Fish in Watercolour: John White's Lively Specimens
Anne-Valérie Dulac  1@  
1 : Sorbonne Université
Université Paris-Sorbonne - Paris IV : EA4085

The gentleman-limner John White took part in England's second voyage to the New World in 1585, whose aim was to plant a colony in Virginia. The reason for his presence on board is well documented. In a manuscript dated circa 1584-1585 entitled Inducements to the Liking of the Voyage intended towards Virginia in 40. and 42. degrees, Richard Hakluyt suggested that the expedition needed, among the tradesmen on board, “a skilful painter [...] which the Spaniards used commonly in all their discoveries to bring the description of all beasts, birds, fishes, townes, &c.” Following a tradition attributed to the Spanish, John White was thus endowed with a mission to “drawe to life all strange birds beastes fishes plantes hearbes Trees and fruictes and bring home of eache sorte as nere as you may”. John White's drawings “to life” now appear clearly as having been mediated through classical knowledge and previous illustrated publications such as Conrad Gessner's Historia animalium.

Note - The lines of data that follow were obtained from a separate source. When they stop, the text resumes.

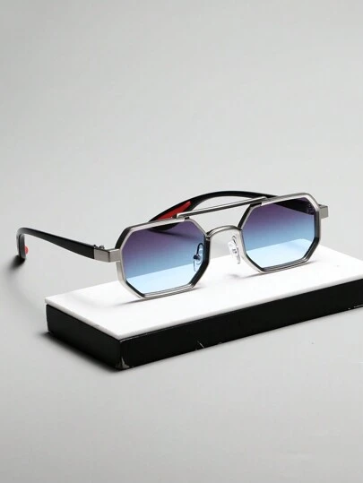 1 副男女通用金属几何框架时尚装饰休闲眼镜,适合夏季海滩度假、户外、旅行返校时尚学院风 - 彩色 - 查看 1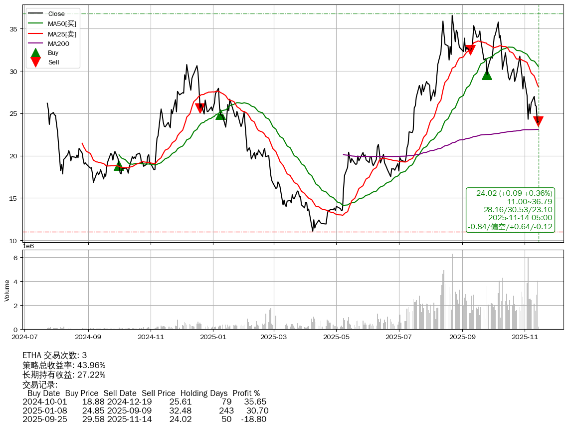 | 38 | ★ETHA | $23.69(-0.24 -1.00%) 11-14 14:59 23.93 11-13 | 📉回撤 08-24 -34.34% (81天) 36.58(08-21)→23.93(11-12) | +43.96% | +27.22% | +16.74% | 3 | 偏空/0.64/-0.12 | 2024-07-23~2025-11-14 |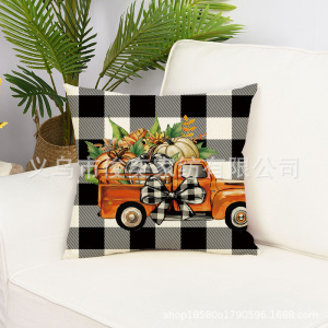 Autumn Thanksgiving Plaid Pillow Case with 71%-80% Polyester Filling, 45*45cm Size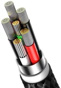 Le câble est fabriqué à partir d'une tresse en nylon extra-fort, qui résiste à la flexion et à la rupture. La partie du câble située au niveau de la fiche a été renforcée, ce qui vous garantit qu'elle ne sera pas endommagée par des flexions répétées. En outre, vous n'avez pas à vous soucier de la surcharge : le câble coupe automatiquement l'accès à l'alimentation lorsque l'appareil est complètement chargé, tout en assurant une sécurité maximale. Vous pouvez donc brancher votre téléphone pour le charger pendant la nuit sans aucun problème.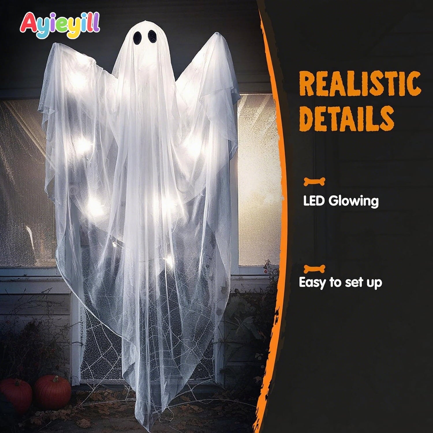 Ayieyill Halloween Ghost Decor with White LED Light, 47” Light up Hanging Ghost Halloween Yard Porch Decorations Outdoor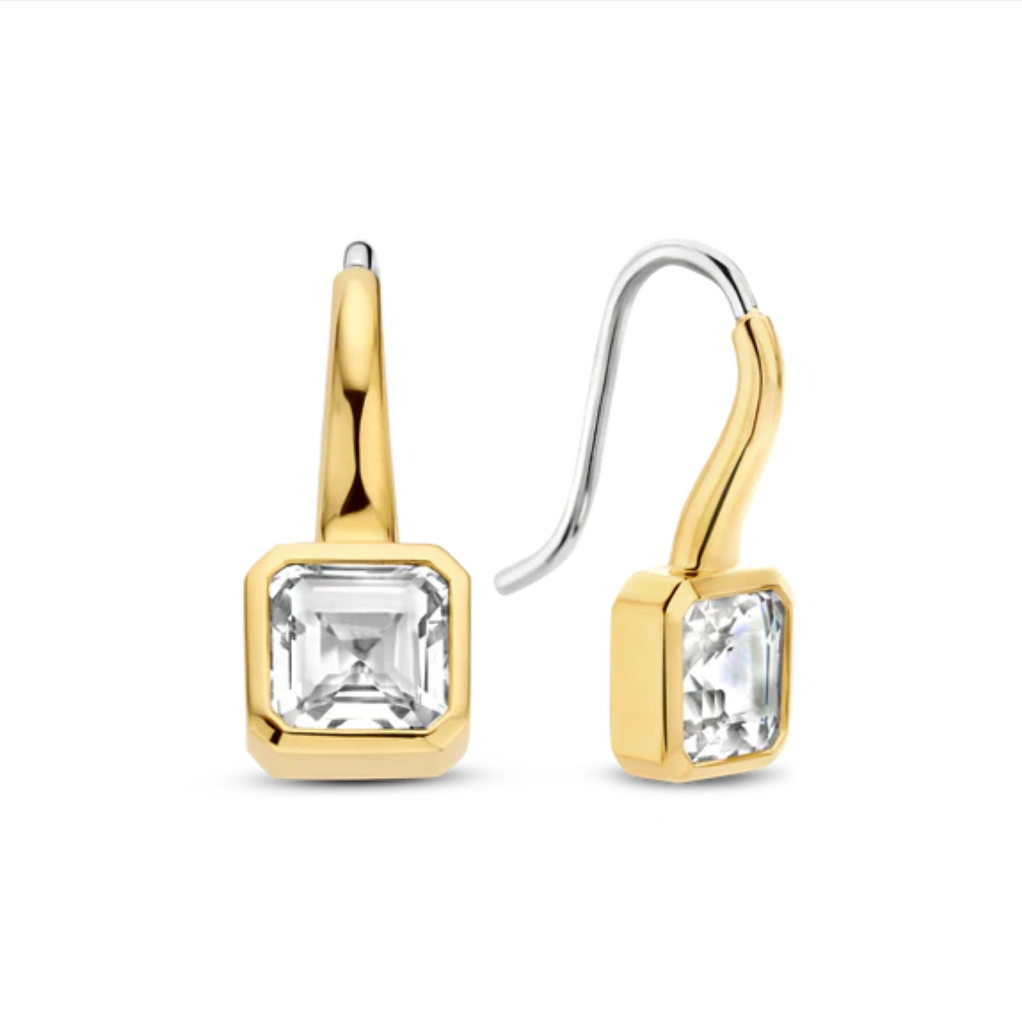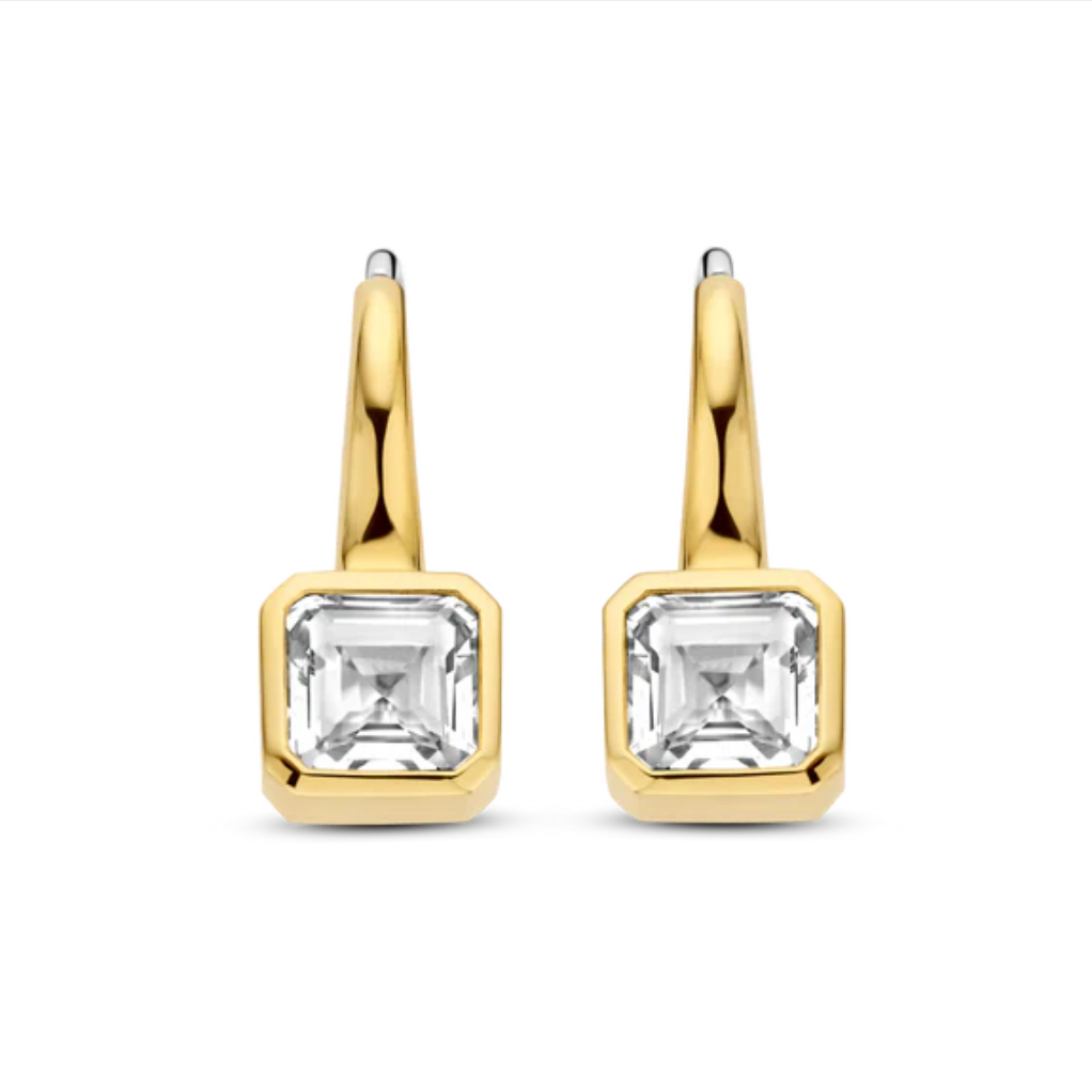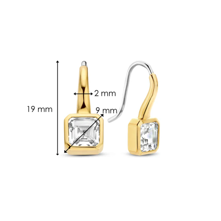 Orecchini in argento sterling 925 placcati in oro con zircone cubico quadrato incastonato a mano.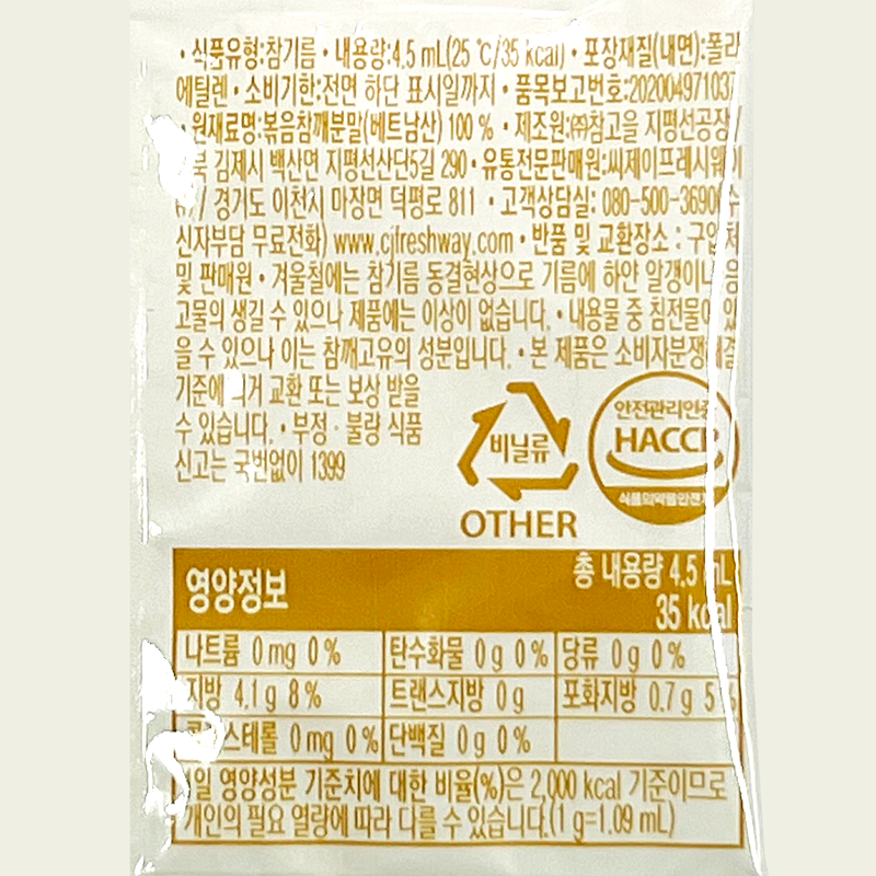 이츠웰 참기름(4.5ml_500입 2.5Kg/BOX)

Besides, the finesse of many of White's neat and meticulous drawings indicates that they were quite probably the result of substantial posterior working up, thus not qualifying as ad vivum per se, as was common in the early modern period.  

Among the British Museum's seventy-five drawings in watercolour on paper presumably made by John White and assembled in an album whose title-page describes them as “pictures of sondry things collected and counterfeited according to the truth”, fourteen of them depict fish specimens (to which may be added other pictures still, including those describing the Indians' “manner of fishing” or “broyling fish”). The fish watercolours therefore amount to more than a third of all drawings of flora and fauna in the album. From this point of departure, the paper I am proposing explores the reason why fish feature so prominently among White's images. I argue that in addition to their practical, scientific and commercial purposes, these drawings also testify to a courtly and artistic presentation of their subjects. I will therefore adopt a medium-specific approach of fish depiction in the British Museum album. My paper contends that the development of watercolour (or “limning” as it was then known in England) as a pictorial medium gave rise to a conception of ichthyological illustration which differed rather markedly from other types of then popular media (such as engraving). The colourful and luminescent quality of pigments used in watercolour seems to have been explored to the full by John White in his depiction of fish, and may also partly account for his choice of species and specimens, thus adding an aesthetic and distinctly pictorial dimension to the transmission of ichthyological knowledge.